A Moment in Our History: Laniakea's Other Architect - Catherine Jones Richards
When you set foot in our historic headquarters building Laniākea, you wander into an open-air concept that stretches through the entire space--from our breezeway “loggia” to the sun-drenched pool. It almost makes you forget the hustle-and-bustle of downtown Honolulu.
Another unique feature: the lush foliage and flowers that surround the building.
You may not find all of them on the property today, but these are some of the plants and flowers originally assembled for Laniākea at the time of its opening in 1927.
Hibiscus, Lavender, Duranta, Maroon and Red Ti and Pink Oleanders added colors to the newly opened Laniākea in 1927.
While Julia Morgan was highly celebrated for her design of the building, another woman architect directed the landscape designing. Catherine Jones Richards carefully arranged the various flowers that grew in Hawai'i to complement the building Morgan designed. Richards became Hawaii’s first licensed landscape architect.

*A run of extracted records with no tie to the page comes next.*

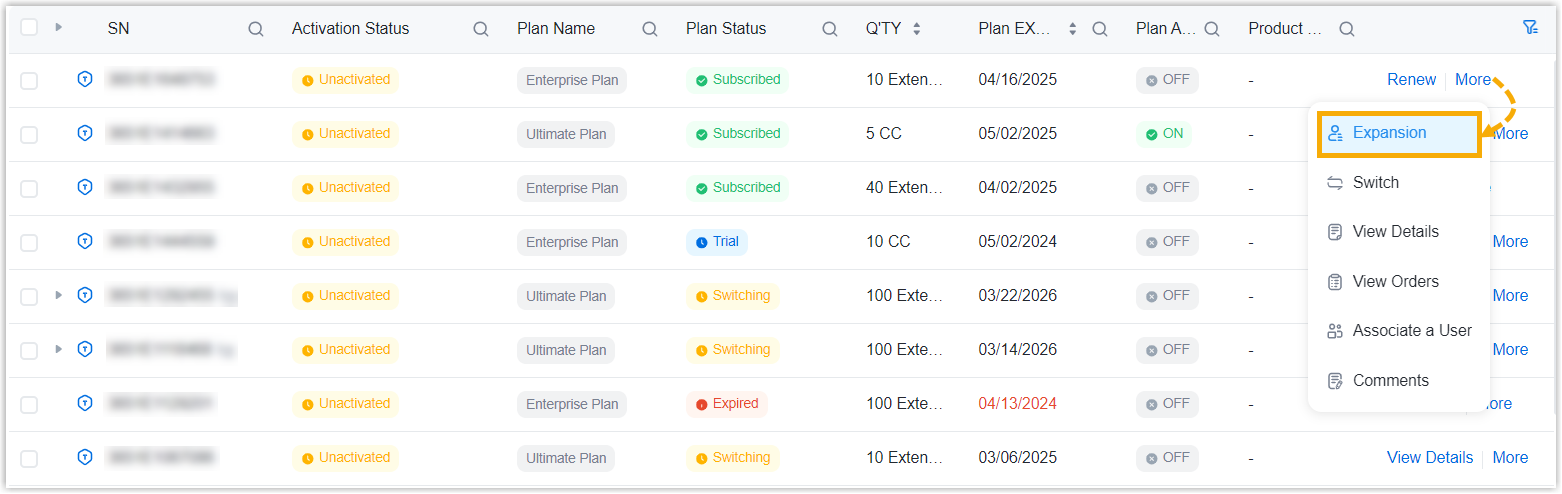 - Log in to Yeastar Partner Portal, go to Products & Purchase.
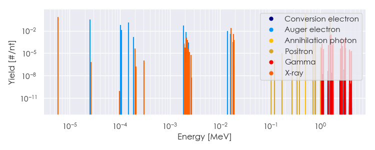 Spectra source: ICRP Publication 107: Nuclear Decay Data for Dosimetric Calculations. Ann. ICRP 2008, 38 (3).
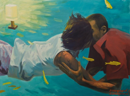 Александр Виноградов и Владимир Дубосарский (р. 1963 и 1964), работающие в соавторстве, в самом разгаре 90-х (десятилетия расцвета перформанса) предложили в качестве актуального художественного продукта традиционную картину, более того, картину, формально наследующую эстетике социалистического реализма. При этом образный ряд их картин отсылал к современной массовой культуре, рекламе, глянцу и шоу-бизнесу. Мир Виноградова-Дубосарского – эйфорическая утопия и вечный гламурный позитив, но изображенные средствами «мертвой», отжившей поэтики, да еще и в крупном вплоть до гигантизма формате. Эффект живописи художников – в постоянном конфликте этих двух миров. Так, средствами формы художники критиковали современную им эпоху тотального потребления, которой в первую очередь были 2000-е годы. Подобная эстетика оказалась актуальной и востребованной. В нулевые годы Виноградов и Дубосарский стали едва ли не самыми коммерчески успешными художниками России, их работы разошлись по статусным музейным коллекциям. Картина «Поцелуй» - одна из серии, изображающей очередную авторскую утопию, в данном случае – вымышленный подводный город, населенный счастливыми обитателями.
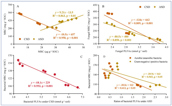 The relationships between soil microbial residue carbon (MRC) and microbial biomass carbon (MBC) (A), fungal MRC and PLFAs (B) under chemical soil disinfestation (CSD) and anaerobic soil disinfestation (ASD); bacterial MRC and PLFAs under CSD (C) and ASD (D).
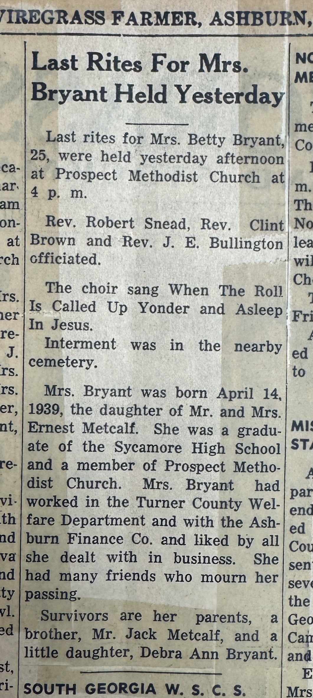 “Last Rites for Mrs. Bryant Held Yesterday,” Turner County Project Digital Archive Repository, accessed April 23, 2026, https://turnercountyproject.com/archive/items/show/1256.
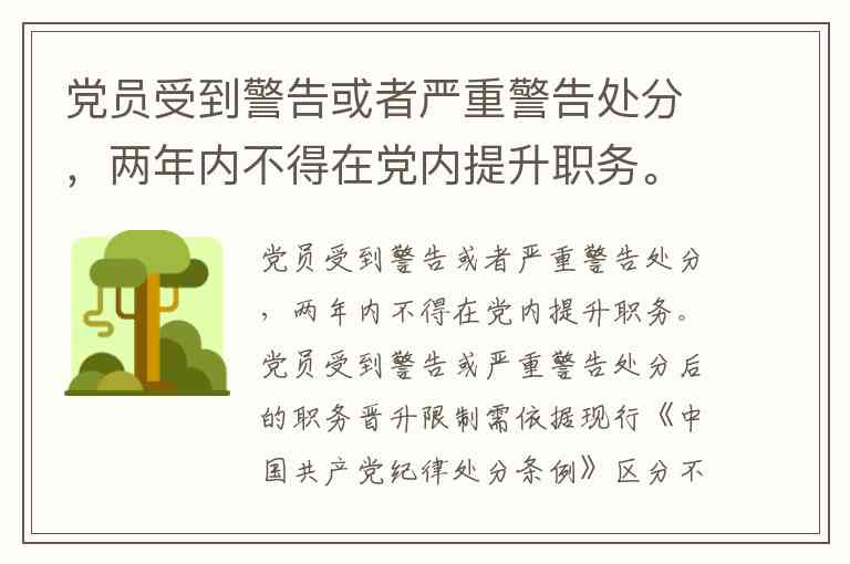 党员受到警告或者严重警告处分,两年内不得在党内提升职务。
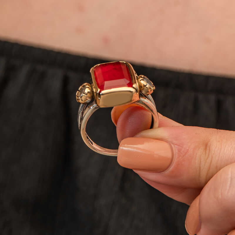Silver Red Zircon Stone Authentic Women's Ring Red zircon stone is a symbol of love, passion and power, it can help increase the emotions and energy of the person wearing it. Its authenticity emphasizes the natural and original design of the ring. It takes its place as a stylish alternative to accompany you in your daily life. This stylish design ring model is a very stylish gift option that can be preferred on birthdays, Valentine's Day or special occasions. Oxidized women's rings preserve their first-day state for a long time. As with all women's silver products, the silver red zircon stone authentic women's ring model is also handmade. Due to silver and precious stones, there may be a ± 10% deviation in the average product weight. Width: 1.00 cm Length: 1.50 cm Average Weight: 7.20 gr.
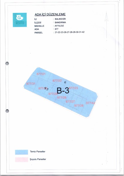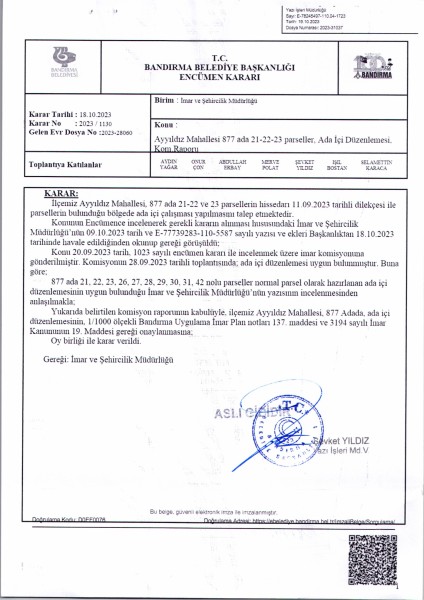 Belediye Encümeninin 18.10.2023 tarih ve 1130 sayılı Encümen kararı ile Ayyıldız Mahallesi, 877 ada 21-22-23-26-27-28-29-30-31-42 parsellere ait ada içi düzenlemesinin, 1/1000 ölçekli Bandırma Uygulama İmar Planı notlarının 137. Maddesi ve 3194 sayılı İmar Kanununun 19. maddesi gereği onaylanmasına,
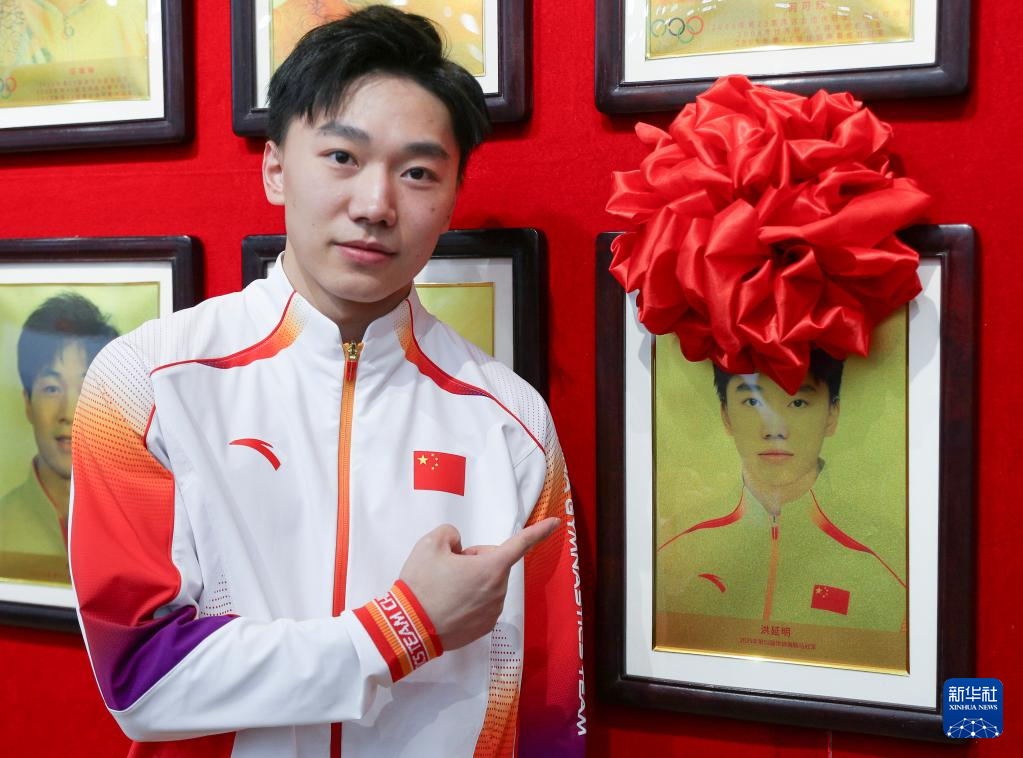 12月22日,中国体操队运动员洪延明在登榜仪式后与世界冠军榜上自己的照片合影。
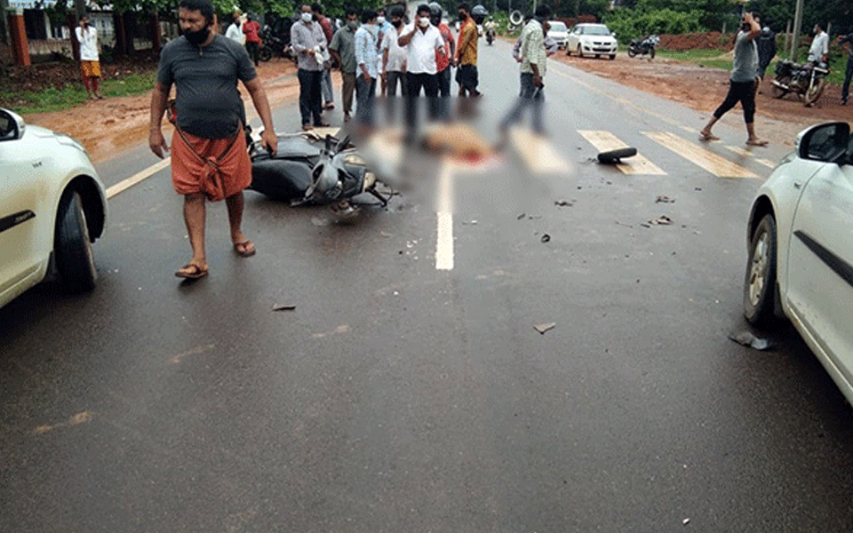 In an accident that occurred on the overpass at Thokkottu on Thursday, a car crashed into a scooter being ridden by a woman, who was riding with her mother. As a result, the mother sustained grievous injuries and died on the spot, it is learned.

A descendant of missionaries in Honolulu, Catherine studied landscape architecture at the Cambridge School of Architecture and Landscape Architecture in Massachusetts in the early 1920’s. She also studied in Europe. Upon returning to Honolulu, she began her practice in 1926.
Even while being away from her home of Hawaii, Catherine did not neglect to learn “things Hawaiian.” When she opened a studio in 1928, she shared with a local newspaper her commitment to work as a landscape architect in Honolulu for the rest of her life by devoting all her energies to helping to “beautify the city.”
“My aloha was doubled during my absence. Always I have felt the call of the Islands.” She said she wanted to do her work in Hawai'i for the rest of her life and she did just that.
Around the time of her studio opening, Catherine invited landscape architect Robert O. Thompson to join her practice. He was a native of Michigan who met Catherine while he was studying at Harvard. In 1934, the two business partners married – and under the new name of Thompson and Thompson, the dynamic duo worked on major projects across town from public buildings to parks, making them the foremost landscape designers in Hawaii.
A short list of their works in Hawai'i includes:
Honolulu Museum of Arts
The National Cemetery of the Pacific
The Doris Duke Residence
Ewa & Waialua Plantation
Pacific Club
Board of Water Supply station grounds
Tripler Army Hospital
Catherine was a charter member of the Outdoor Circle. The couple received various awards and recognitions throughout their careers. During World War II, Mr. Thompson was reportedly in charge of camouflage planning for army installations.
Although their names were often associated with large projects, the couple also wrote and spoke to home gardeners about the joy of landscaping. In part reflecting the times in which she lived, Catherine once said, “Landscape architecture is, or should be, as important to a house as clothes are to a woman. A lovely woman can so often be marred by ugly clothes, and a lovely house ruined by horrible planning, a terrible approach and awful grades.”
Julia Morgan and Catherine Jones Thompson – two female architects who together made Laniākea Hawaii’s first major structure designed completely by women.